# New here, looking for advice. 55g Firemouth tank.



## Diana (Jan 14, 2010)

A single t-12 bulb is only about 40 watts, if I remember. This is about half the light that I would suggest for this tank. 
The HOB filter will out gas whatever CO2 is in there. Get a canister, or at least remove Bio Wheels. IME that is not enough water movement, I tend to run around 10 times the tank volume per hour of water movement. The power head is a very good idea. 
Skip the air bubble toy. 

If this is your Pleco, they are not 6" fish. Go with a Bristlenose Plec. 
http://www.planetcatfish.com/catelog/species.php?species_id=148

As a general guide most fish tend to not eat Java Fern and Anubias. I have also had good luck with Bolbitis and Hornwort. None of these are substrate rooted plants. Hornwort does better in hard water. Bolbitis does better with more water movement. 
Feeding the fish fresh or lightly cooked vegies may give them enough plant material in their diet, they may leave the plants alone.


----------



## RipariumGuy (Aug 6, 2009)

Depedding on the wattage of the light, you may\my not be able to grow low light plants. As Diana said, java fern and anubais are low light plants that are usually left alone by cichlids.


----------



## Byron (Aug 20, 2009)

I like your 20g, nice aquascape. For light I would recommend a full spectrum tube around 6700K, one will be plenty and the green light in the full spectrum will provide a natural light that will bring out the colours of the fish and plants and wood nicely. Perhaps some floating plants, Amazon frogbit would be suitable. Cardinals and neons (can't quite tell which in the photo) are dim light fish and in my experience always fare better with less light. Love the wood. A true natural environment for these fish.

Byron.


----------



## Frogmanx82 (Dec 8, 2009)

The sand will not stay separated from what looks like fluorite or something similar. Small particles sink, large ones come to the top. Plus firemouths like to dig, you will have it all mixed together shortly. People generally stay away from sand in planted tanks.

You should get two bulbs, T5 or T8 normal output in a fixture with a decent reflector. That would put you at low lighting according to this chart (72 watts /55 gllons =.33 watts /liter)
http://www.canadianfishforums.com/plants/plants.htm

I have 3 bulbs on a 55 which puts me at medium light and opens up more plants. I have to dose some excel flourish and use some root tabs, but its still pretty low maintenance.


----------



## Matthew Gabrielse (Jan 23, 2010)

Thanks for the compliments, Byron. I just got back from buying a new bulb for the 20g. That 6700k really does make the colors pop more, hopefully it makes the plants grow better too. I also picked up a handful of plants, mostly moss, swords, tiger lotus and some other random ones for the fifty five. My friend's mom had plenty extra in her tanks to share. She even offered me a school of ten Colombian tetras, I'll get those in a few weeks when the tank is more established (instead of barbs). I'll probably go find some anubias and java fern soon. I also got a powerhead and hooked my air hose into it, far superior to that little bubbler. 

I will probably end up ordering a dual T8 fixture from Dr. foster smith, I'm hoping my current lighting will keep the plants alive until the new light shows up.

(I can't post links yet)
www *dot* drsfostersmith *dot* com/product/prod_display.cfm?pcatid=13612

I had originally put about eighty pounds of gravel in there and did not like the way it looked, the tank had a cheap feel to it. I'm okay with the sand being mixed up at some point, I'd prefer the marbled look over the pristine white anyways. I think it was flourite, I was told it's not harmful to the water column if released. 

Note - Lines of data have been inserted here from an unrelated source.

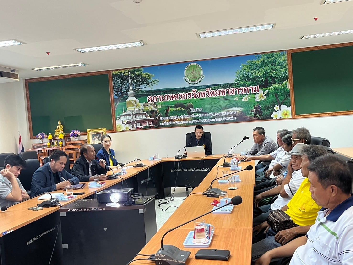 วันที่ 15 พฤศจิกายน 2567 ที่ห้องประชุมสำนักงา่นสภาเกษตรกรจังหวัดมหาสารคาม นายพิชิต รัตนเจริญ ประธานสภาเกษตรกรจังหวัดมหาสารคาม ร.ศ.ดร.สิทธิศักดิ์ คำผา ที่ปรึกษาสภาเกษตรกรจังหวัดมหาสารคาม นายชวณัฎฐ์ ถวิลการ หัวหน้าสำนักงานสภาเกษตรกรจังหวัดมหาสารคาม ร่วมกับวิสาหกิจชุมชนโคเนื้อโคขุนมัญจาวากิว จังหวัดขอนแก่น และหอการค้าจังหวัดมหาสารคาม ได้จัดประชุมร่วมหารือแนวทางการรับซื้อโคเนื้อ จากกลุ่มเกษตรกร องค์กรเกษตรกรผู้เลี้ยงโคเนื้อในพื้นที่จังหวัดมหาสารคาม เพื่อบูรณาการขับเคลื่อนการยกระดับโคเนื้อเพื่อสร้างความยั่งยืนให้กับเกษตรกร พร้อมทั้งจัดทำเป็นข้อเสนอเพื่อกำหนดนโยบาย แนวทางการแก้ไขปัญหา เกษตรกรและการพัฒนาเกษตรกรรม สภาเกษตรกรจังหวัดมหาสารคามประจำปี 2568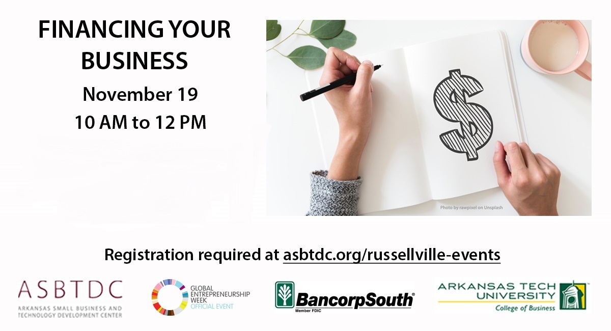 In celebration of Global Entrepreneurship Week, the Arkansas Small Business and Technology Development Center presents “Financing Your Business” on Nov. 19, from 10:00 a.m. to 12:00 p.m. at the Fort Smith Regional Chamber of Commerce. If you need money for your business, join us as we explore different sources of capital including loans, grants, and alternative financing options. Also hear from a lender who will discuss topics pertaining to achieving credit readiness. There is no charge to attend thanks to BancorpSouth. Seating is limited with registration required no later than Nov. 18, at 479-356-2067 or asbtdc.org/russellville-events.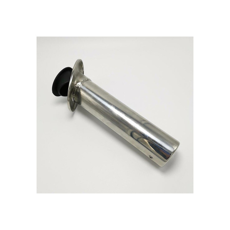 Flush-mount, in-gunwale, 316L stainless steel rod holder features an extra large, fully-welded, low profile cap.Flush-mount, in-gunwale, 316L stainless steel rod holder features an extra large, fully-welded, low profile cap that will resist breakage and en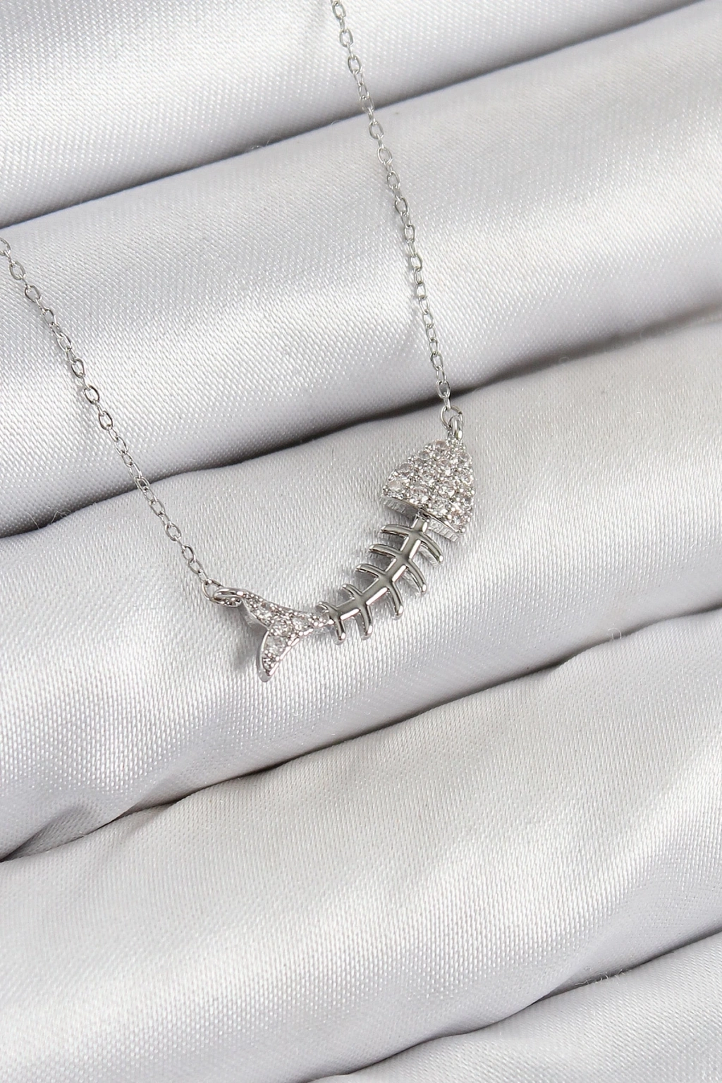 ® Pirinç Zirkon Taşlı Balık Kılçığı Model Gümüş Renk Kadın Kolye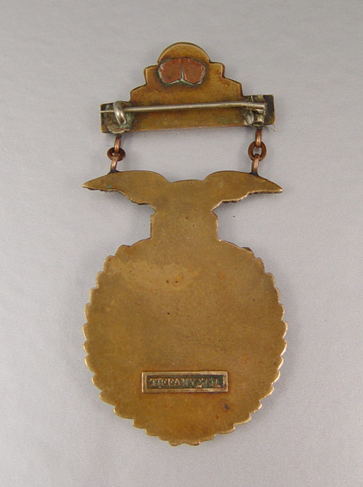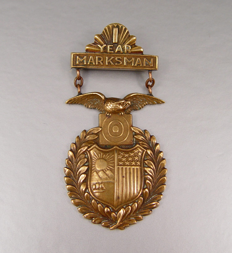TIFFANY & CO. BRONZE 1 YEAR MARKSMAN MEDAL: Turn of the century pinback medal 1 year marksman, well marked Tiffany & Co.. 2 1/2'' h.

The pleco is actually in the twenty gallon right now. He's currently at six inches and too big for that tank so he's being relocated to the fifty five. When he reaches ten inches or so I'll probably find him a new home.


----------



## lauraleellbp (Feb 3, 2008)

As mentioned, you're not going to see much if any plant growth in the 55gal with the current light fixture (no matter what bulb is in there). However, if your goal is just a lightly planted tank with Java ferns, Anubias, mosses, then you can probably make that work.

One of the Coralife T5NO fixtures would increase your lighting to a level that would allow you to keep more species of plants and see them grow, but not so much that you'd have to add pressurized CO2 to the tank. This fixture would probably allow you to grow some of the easier of the carpeting plants, such as E. tenellus, Dwarf sagittaria or Marselia minuta:
http://www.bigalsonline.com/BigAlsU...7/cl0/coralifefwt5aqualightdoublestriplight48

Flourite isn't harmful, but is really messy if not rinsed first. If you haven't already added it to the tank, I strongly recommend that you rinse it thoroughly before you do. I usually take it outside in a bucket and blast it with a garden hose until the water runs off clear, takes about 10 minutes per bucket this way.


----------



## Matthew Gabrielse (Jan 23, 2010)

I placed an order for one of those T5NO fixtures from a different store since that one was out of stock. I imagine I'll have it within a week, hope the plants will be okay until that gets here. Here's the tank as it is after planting.


----------



## OverStocked (May 26, 2007)

Diana said:


> A single t-12 bulb is only about 40 watts, if I remember. This is about half the light that I would suggest for this tank.
> The HOB filter will out gas whatever CO2 is in there. Get a canister, or at least remove Bio Wheels. IME that is not enough water movement, I tend to run around 10 times the tank volume per hour of water movement. The power head is a very good idea.
> Skip the air bubble toy.




This is ONLY true if you are adding co2. If you are not adding co2, then the HOB or bubbler would add atmospheric co2. Fish production of co2 is almost nill.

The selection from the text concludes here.